C. Mr. Espinoza's Disciplinary Record at SPD
Mr. Espinoza and Defendants assert that Mr. Espinoza's disciplinary record at SPD is relevant to this lawsuit, but for different reasons. Defendants aver that Mr. Espinoza's poor disciplinary record at SPD explains why SPD passed over Mr. Espinoza for transfer to the Motorcycle Unit (see, e.g. , MSJ at 2 ("The undisputed evidence demonstrates that [Mr. Espinoza's] own performance deficiencies and SPD's internal staffing needs were the reasons [Mr. Espinoza's] alleged transfer requests were not approved.")), while Mr. Espinoza contends that a number of SPD's disciplinary actions against him were evidence of SPD's discriminatory animus against military reservists (see, e.g. , MSJ Resp. at 18-20).
1. Patronizing a Prostitute
On October 14, 2004, an officer with the Lakewood Police Department arrested Mr. Espinoza for patronizing a prostitute. (1st Seals Decl. ¶ 16, Ex. 15.) As a result, SPD placed him on administrative leave pending the completion of an investigation by the Office of Professional Accountability ("OPA"). (See id. ¶ 17, Ex. 16.) After completion of the OPA investigation in December 2005, SPD imposed a 10-day unpaid suspension based on sustained findings of misconduct and a violation of SPD Policy 1.029(III), which states police officers are expected to obey the law. (See id. ¶¶ 18-19, Exs. 17-18.) Mr. Mahaffey alleges that this arrest and the damage it caused to Mr. Espinoza's credibility contributed to the Narcotics Unit's decision not to select Mr. Espinoza for the Narcotics Unit. (See Mahaffey Dep. at 46:23-48:16.)
2. Issues With the Public
Mr. Espinoza's interactions with the public have yielded a handful of disciplinary actions against him. On October 24, 2006, Plaintiff received a written reprimand for failing to follow arrest procedures when he released a handcuffed suspect without notifying his supervisor, in violation of SPD Policy 2.001. (See id. ¶ 20, Ex. 19 at SCL-Espinoza000298; id. ¶ 21, Ex. 20 at SCL-Espinoza008503.) On August 14, 2016, Plaintiff received a three-day unpaid suspension for failing to assist a woman who claimed she was assaulted by a man who was still in the store where Mr.
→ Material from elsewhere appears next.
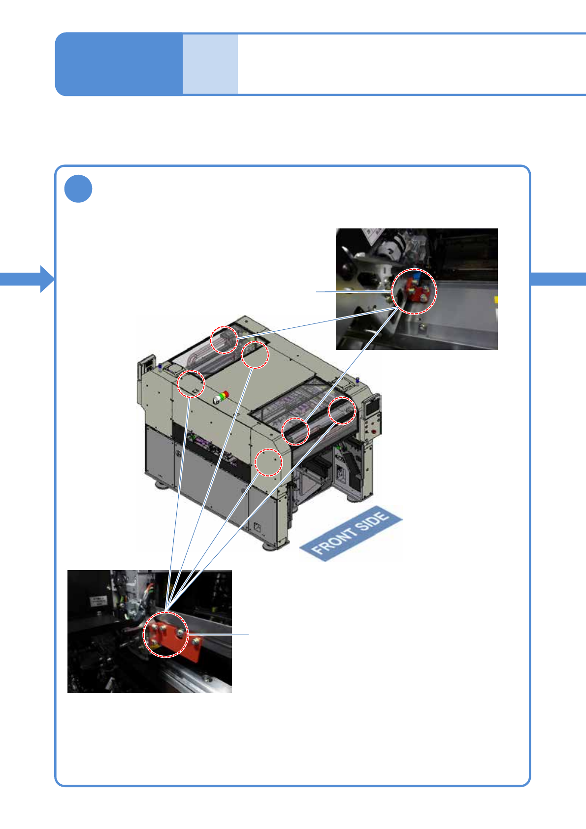 NPM-W X/WXS EJM9DC-MB-11E-0 0 11 - 3 -8 5 4 900 mm #1 #2 OK #10 #18 940 mm FRONT SIDE NG 885 mm NG OK 920 mm 水平测量器的设置位置 调整螺栓的位置 顺序 保持水平 ① 按下图位置设置水平测量器。 ●水平测量器 :2 个 ③ 用螺母固定。 ② 通过调整螺栓进行水平调整。 ●调节到 1 个单位 (0.02 mm/m) 以下。 ●调整螺…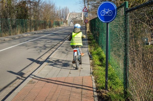 Een fietspad wordt aangegeven met evenwijdige onderbroken witte strepen of met een blauw verkeersbord (D7). Het verkeer dat uit de zijstraat komt, moet jou voorrang geven want jij rijdt op het doorlopende fietspad.

Espinoza worked off-duty as a security officer. (1st Seals Decl. ¶ 20, Ex. 19 at SCL-Espinoza 000291-92.) Instead of assisting the alleged assault victim, Mr. Espinoza escorted her out of the store, where she had to borrow a cell phone from a civilian to call 911. (See id. ) OPA determined that the woman had been assaulted and Mr. Espinoza's actions allowed her assailant to flee the scene. (See id. ) OPA concluded that Mr. Espinoza violated SPD policy and suspended Mr. Espinoza for three days without pay. (See id. )
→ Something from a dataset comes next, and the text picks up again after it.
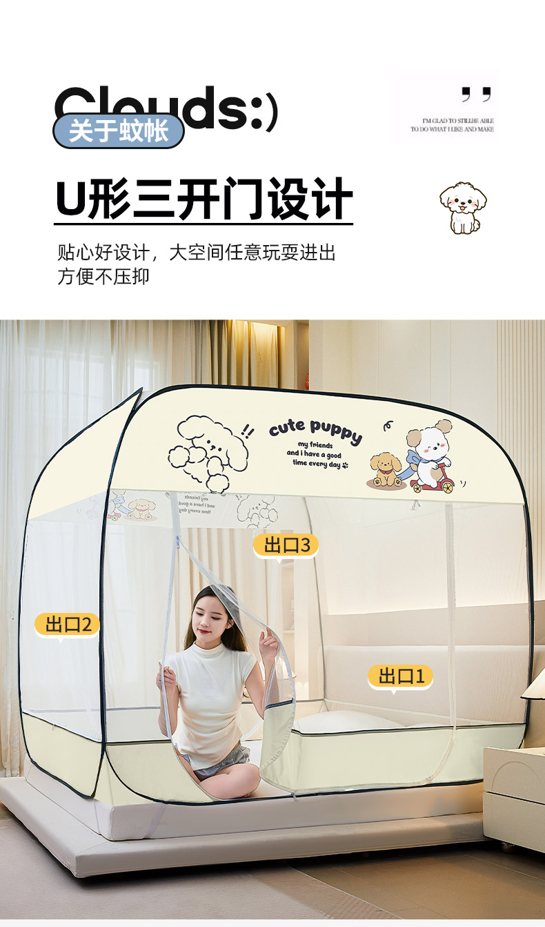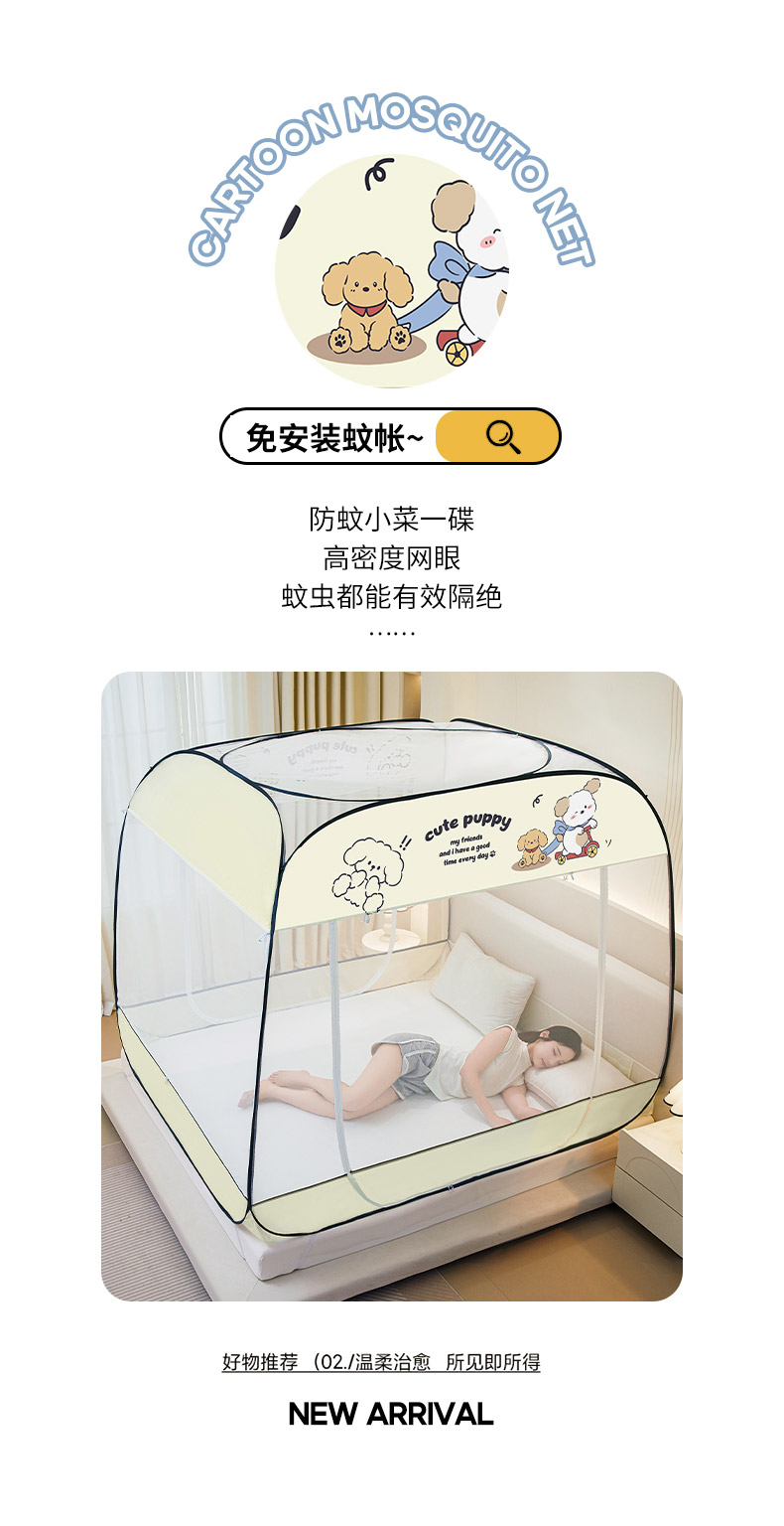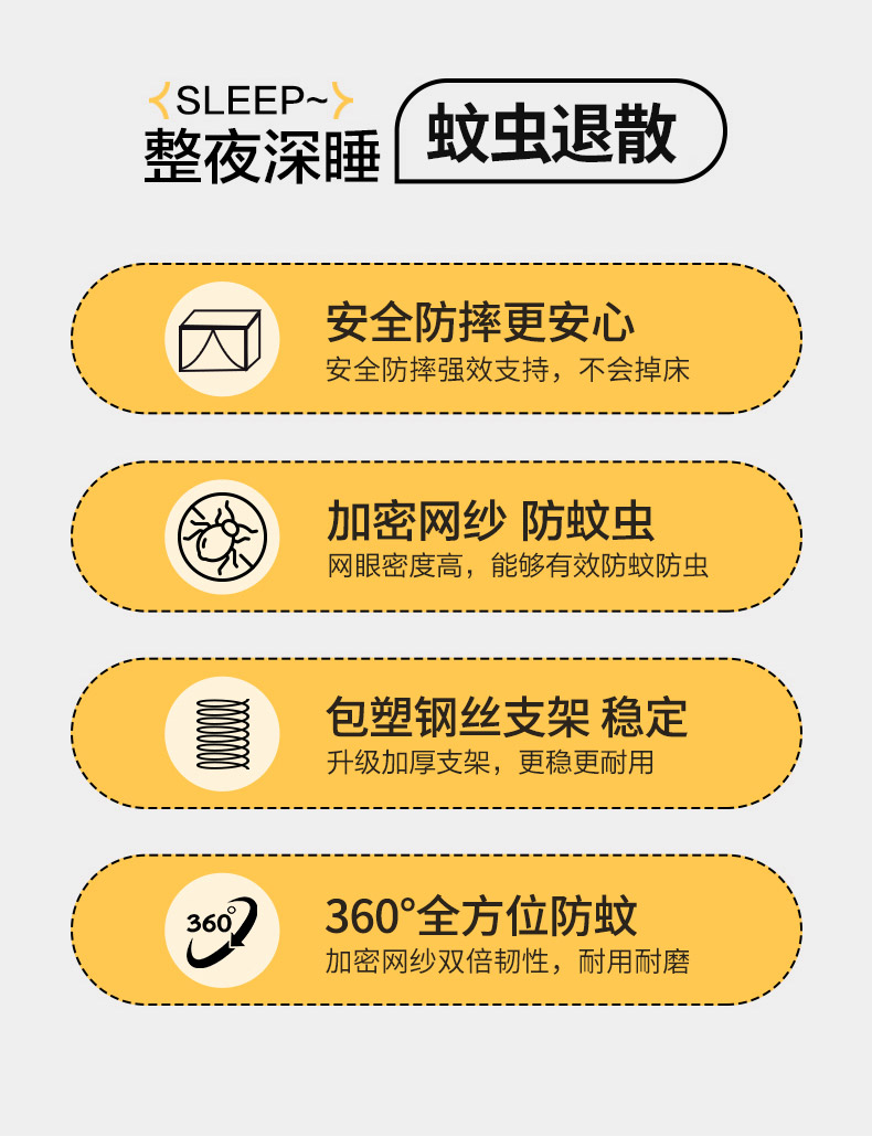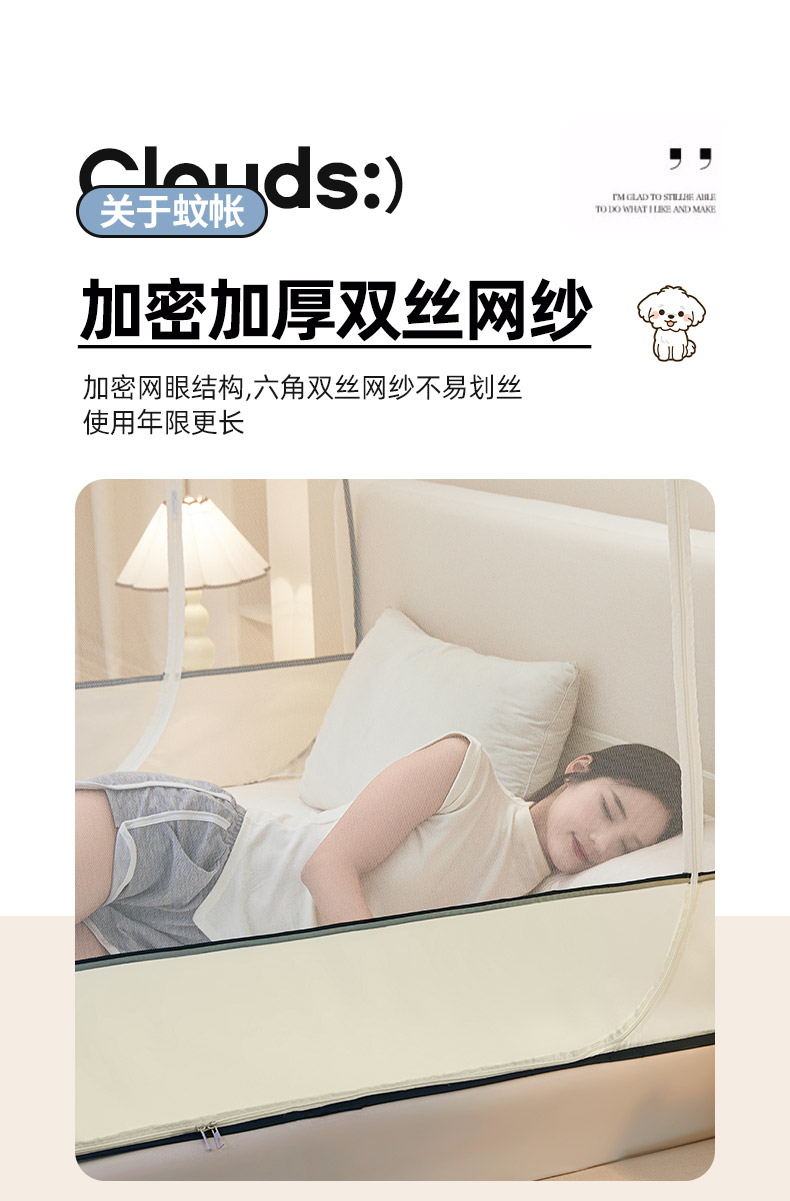 自然醒防尘免安装大方顶蚊帐 可折叠家用防摔儿童卧室蒙古包加密加厚HH

In 2016 and 2017, OPA referred Mr. Espinoza for additional training due to complaints about his police conduct. On December 31, 2016, OPA recommended that Mr. Espinoza receive additional training on Terry stops and detentions following a civilian complaint that Mr. Espinoza illegally detained him and behaved physically and aggressively with him. (See id. ¶ 47, Ex. 46.) On January 28, 2017, OPA recommended that Plaintiff receive additional training on listening to reporting parties and potential victims and explaining enforcement actions after two security guards filed complaints against Mr. Espinoza for failing to take enforcement action against an individual who kicked and punched at the security guards. (See id. ¶ 48, Ex. 47.)
3. Tardiness Violations
In September 2014, Mr. Zwaschka coached Mr. Espinoza for his failure to abide by SPD's policy requiring that officers remain on duty until their shift ends unless excused by a supervisor. (See id. ¶ 22, Ex. 21 at SCL-Espinoza077908; id. ¶ 31, Ex. 30; id. ¶ 36, Ex. 35; Mahaffey Decl. ¶ 4.) On September 22, 23, and 24, 2014, Mr. Zwaschka and another sergeant observed Mr. Espinoza leaving work early without approval despite being reminded repeatedly to stay in service and ready to respond to 911 calls until the end of his shift. (See 1st Seals Decl. ¶ 31, Ex. 30; id. ¶ 36, Ex. 35.) SPD policy requires supervisors to address officer tardiness. (See Mahaffey Decl. ¶ 4.) Accordingly, SPD coached Mr. Espinoza and several other officers in Mr. Mahaffey's chain of command for leaving work early in violation of SPD Policy in September 2014. (See id. )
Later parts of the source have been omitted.